Entries provided:
==============================

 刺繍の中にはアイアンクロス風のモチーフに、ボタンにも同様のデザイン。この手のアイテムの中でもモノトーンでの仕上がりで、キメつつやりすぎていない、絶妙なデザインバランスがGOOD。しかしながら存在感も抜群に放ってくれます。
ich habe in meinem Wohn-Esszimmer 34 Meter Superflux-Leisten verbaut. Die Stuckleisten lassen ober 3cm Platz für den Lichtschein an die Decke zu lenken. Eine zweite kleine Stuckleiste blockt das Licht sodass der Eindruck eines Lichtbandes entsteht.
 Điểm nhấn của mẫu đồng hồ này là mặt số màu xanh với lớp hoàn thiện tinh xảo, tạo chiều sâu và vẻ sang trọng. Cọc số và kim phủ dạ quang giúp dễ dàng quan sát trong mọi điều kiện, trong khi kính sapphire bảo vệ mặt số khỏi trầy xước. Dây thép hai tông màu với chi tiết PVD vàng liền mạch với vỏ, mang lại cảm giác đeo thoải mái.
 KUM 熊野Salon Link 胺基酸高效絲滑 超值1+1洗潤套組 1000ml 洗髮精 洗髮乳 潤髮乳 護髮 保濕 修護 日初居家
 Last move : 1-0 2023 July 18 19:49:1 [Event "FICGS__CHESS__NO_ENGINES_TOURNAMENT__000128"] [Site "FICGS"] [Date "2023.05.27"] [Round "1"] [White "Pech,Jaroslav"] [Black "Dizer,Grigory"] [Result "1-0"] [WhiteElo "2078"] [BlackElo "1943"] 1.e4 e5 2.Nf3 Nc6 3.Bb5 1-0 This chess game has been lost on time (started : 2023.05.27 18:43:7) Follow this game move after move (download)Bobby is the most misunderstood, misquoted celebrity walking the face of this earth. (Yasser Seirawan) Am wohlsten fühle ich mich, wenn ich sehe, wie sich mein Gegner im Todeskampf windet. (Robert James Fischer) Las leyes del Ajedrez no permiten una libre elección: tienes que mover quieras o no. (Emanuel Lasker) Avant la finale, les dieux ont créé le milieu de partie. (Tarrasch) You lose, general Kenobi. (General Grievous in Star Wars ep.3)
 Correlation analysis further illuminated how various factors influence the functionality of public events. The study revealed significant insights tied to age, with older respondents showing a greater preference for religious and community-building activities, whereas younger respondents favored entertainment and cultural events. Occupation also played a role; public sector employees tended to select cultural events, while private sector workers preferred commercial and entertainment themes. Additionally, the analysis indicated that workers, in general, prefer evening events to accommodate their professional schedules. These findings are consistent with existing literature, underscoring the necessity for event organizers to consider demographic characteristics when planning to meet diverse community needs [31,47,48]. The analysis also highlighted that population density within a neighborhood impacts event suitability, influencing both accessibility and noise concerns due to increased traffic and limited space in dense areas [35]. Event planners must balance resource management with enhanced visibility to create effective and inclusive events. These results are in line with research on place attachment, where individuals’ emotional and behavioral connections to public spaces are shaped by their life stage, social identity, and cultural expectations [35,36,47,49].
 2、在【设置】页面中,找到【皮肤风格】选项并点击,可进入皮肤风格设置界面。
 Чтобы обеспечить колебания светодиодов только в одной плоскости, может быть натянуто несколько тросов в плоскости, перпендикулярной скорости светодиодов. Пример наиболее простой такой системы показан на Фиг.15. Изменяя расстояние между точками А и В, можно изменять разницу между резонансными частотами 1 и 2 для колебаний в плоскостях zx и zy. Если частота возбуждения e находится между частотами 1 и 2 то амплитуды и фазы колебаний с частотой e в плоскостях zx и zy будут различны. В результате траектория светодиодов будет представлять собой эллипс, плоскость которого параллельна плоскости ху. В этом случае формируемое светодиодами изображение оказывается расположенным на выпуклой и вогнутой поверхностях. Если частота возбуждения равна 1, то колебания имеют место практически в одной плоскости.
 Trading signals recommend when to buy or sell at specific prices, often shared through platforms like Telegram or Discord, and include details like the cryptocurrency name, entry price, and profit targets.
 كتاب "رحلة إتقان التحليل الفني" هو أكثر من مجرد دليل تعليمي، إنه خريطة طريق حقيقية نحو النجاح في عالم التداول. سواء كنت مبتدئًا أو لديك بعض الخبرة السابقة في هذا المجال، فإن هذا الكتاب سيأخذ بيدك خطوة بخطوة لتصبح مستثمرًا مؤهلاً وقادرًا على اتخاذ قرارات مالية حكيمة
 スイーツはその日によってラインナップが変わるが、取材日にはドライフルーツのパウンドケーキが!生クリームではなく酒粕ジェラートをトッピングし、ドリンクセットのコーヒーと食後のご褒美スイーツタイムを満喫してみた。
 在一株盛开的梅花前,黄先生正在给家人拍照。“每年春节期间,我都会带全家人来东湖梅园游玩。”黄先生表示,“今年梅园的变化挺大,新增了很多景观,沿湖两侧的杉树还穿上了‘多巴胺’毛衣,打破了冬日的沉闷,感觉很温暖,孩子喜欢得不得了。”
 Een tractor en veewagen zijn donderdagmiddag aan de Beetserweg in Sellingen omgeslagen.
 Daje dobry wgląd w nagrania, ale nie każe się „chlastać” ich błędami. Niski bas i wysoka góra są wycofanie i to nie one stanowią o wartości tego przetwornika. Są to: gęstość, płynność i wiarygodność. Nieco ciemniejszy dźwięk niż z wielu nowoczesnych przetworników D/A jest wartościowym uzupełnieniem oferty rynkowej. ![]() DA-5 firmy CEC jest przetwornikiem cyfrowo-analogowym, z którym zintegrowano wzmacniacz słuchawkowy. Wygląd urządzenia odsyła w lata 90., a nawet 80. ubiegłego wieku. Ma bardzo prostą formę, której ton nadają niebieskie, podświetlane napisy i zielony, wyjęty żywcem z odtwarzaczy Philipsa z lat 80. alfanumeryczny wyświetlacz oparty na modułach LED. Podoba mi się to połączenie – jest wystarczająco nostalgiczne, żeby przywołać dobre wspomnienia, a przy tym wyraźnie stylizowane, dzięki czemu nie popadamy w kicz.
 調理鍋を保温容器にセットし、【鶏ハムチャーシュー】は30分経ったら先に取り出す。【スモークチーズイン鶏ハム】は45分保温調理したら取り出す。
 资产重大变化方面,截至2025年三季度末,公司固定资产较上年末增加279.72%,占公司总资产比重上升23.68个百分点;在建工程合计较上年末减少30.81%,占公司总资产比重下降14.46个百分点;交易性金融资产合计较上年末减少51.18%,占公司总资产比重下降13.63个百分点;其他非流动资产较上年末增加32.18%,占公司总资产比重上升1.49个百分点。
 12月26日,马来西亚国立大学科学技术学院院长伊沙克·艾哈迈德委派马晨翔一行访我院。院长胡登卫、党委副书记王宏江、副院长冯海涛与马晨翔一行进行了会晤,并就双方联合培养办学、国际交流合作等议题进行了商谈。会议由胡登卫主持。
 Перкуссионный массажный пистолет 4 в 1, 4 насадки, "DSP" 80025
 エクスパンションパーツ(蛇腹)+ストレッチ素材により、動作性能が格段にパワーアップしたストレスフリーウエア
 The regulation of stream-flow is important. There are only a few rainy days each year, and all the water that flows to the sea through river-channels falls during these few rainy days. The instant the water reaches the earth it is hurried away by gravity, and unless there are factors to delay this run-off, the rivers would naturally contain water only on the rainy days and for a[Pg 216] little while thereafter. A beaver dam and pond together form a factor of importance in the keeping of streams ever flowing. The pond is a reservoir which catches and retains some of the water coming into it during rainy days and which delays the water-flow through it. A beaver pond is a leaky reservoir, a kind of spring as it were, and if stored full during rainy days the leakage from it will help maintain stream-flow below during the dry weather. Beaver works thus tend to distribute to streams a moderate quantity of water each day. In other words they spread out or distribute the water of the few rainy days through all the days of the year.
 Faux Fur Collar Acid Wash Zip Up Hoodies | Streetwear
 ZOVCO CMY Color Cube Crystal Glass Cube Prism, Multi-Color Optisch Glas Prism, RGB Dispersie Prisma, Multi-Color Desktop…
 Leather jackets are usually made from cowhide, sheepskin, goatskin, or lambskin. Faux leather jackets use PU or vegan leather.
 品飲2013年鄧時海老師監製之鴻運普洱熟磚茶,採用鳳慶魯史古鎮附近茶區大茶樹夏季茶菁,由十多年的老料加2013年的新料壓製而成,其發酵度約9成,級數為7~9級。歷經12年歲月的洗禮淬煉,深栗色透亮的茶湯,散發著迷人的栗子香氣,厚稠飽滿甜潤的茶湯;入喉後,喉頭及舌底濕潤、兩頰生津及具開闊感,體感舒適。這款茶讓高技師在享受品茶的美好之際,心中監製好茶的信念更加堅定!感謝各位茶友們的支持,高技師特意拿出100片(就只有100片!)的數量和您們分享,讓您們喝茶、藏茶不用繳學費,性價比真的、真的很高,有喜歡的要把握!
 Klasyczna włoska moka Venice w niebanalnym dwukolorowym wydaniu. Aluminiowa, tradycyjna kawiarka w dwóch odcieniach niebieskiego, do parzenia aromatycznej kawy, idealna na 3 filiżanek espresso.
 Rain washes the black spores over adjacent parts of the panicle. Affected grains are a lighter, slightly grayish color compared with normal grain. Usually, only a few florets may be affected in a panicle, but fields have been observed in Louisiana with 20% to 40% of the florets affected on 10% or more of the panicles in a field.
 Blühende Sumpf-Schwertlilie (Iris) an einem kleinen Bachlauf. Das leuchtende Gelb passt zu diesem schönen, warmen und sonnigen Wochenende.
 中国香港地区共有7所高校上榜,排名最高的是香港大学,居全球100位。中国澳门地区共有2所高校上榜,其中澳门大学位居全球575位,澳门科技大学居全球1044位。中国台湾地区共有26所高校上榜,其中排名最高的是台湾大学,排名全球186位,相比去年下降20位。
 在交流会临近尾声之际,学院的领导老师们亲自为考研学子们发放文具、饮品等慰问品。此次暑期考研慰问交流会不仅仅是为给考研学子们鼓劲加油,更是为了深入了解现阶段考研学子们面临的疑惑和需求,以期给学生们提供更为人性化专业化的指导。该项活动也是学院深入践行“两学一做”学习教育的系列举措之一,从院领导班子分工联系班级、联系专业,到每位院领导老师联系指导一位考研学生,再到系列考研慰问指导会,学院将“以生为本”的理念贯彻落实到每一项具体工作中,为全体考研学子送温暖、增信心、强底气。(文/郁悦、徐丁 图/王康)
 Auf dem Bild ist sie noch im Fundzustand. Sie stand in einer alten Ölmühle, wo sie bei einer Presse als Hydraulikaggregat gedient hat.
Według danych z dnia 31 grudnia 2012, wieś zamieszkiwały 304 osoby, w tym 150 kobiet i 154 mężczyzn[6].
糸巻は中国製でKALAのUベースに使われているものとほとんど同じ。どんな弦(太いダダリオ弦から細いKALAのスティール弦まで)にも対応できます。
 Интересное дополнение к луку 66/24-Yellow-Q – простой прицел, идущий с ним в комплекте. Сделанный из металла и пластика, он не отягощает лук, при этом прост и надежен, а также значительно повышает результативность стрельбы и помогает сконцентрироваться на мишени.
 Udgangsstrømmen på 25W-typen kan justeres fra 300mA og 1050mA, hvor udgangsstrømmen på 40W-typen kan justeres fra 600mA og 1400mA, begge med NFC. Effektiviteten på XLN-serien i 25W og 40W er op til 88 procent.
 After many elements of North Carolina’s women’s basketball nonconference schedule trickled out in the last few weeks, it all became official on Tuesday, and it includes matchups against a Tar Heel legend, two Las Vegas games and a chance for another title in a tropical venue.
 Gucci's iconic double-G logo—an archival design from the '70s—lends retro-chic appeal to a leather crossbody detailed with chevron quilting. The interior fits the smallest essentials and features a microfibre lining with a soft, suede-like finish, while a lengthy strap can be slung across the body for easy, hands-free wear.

==============================

Brief:
Everything from the first line of the material through the line containing "KUM 熊野Salon Link" is to be printed exactly; lines after that are to be left out.

Answer for the task:
 刺繍の中にはアイアンクロス風のモチーフに、ボタンにも同様のデザイン。この手のアイテムの中でもモノトーンでの仕上がりで、キメつつやりすぎていない、絶妙なデザインバランスがGOOD。しかしながら存在感も抜群に放ってくれます。
ich habe in meinem Wohn-Esszimmer 34 Meter Superflux-Leisten verbaut. Die Stuckleisten lassen ober 3cm Platz für den Lichtschein an die Decke zu lenken. Eine zweite kleine Stuckleiste blockt das Licht sodass der Eindruck eines Lichtbandes entsteht.
 Điểm nhấn của mẫu đồng hồ này là mặt số màu xanh với lớp hoàn thiện tinh xảo, tạo chiều sâu và vẻ sang trọng. Cọc số và kim phủ dạ quang giúp dễ dàng quan sát trong mọi điều kiện, trong khi kính sapphire bảo vệ mặt số khỏi trầy xước. Dây thép hai tông màu với chi tiết PVD vàng liền mạch với vỏ, mang lại cảm giác đeo thoải mái.
 KUM 熊野Salon Link 胺基酸高效絲滑 超值1+1洗潤套組 1000ml 洗髮精 洗髮乳 潤髮乳 護髮 保濕 修護 日初居家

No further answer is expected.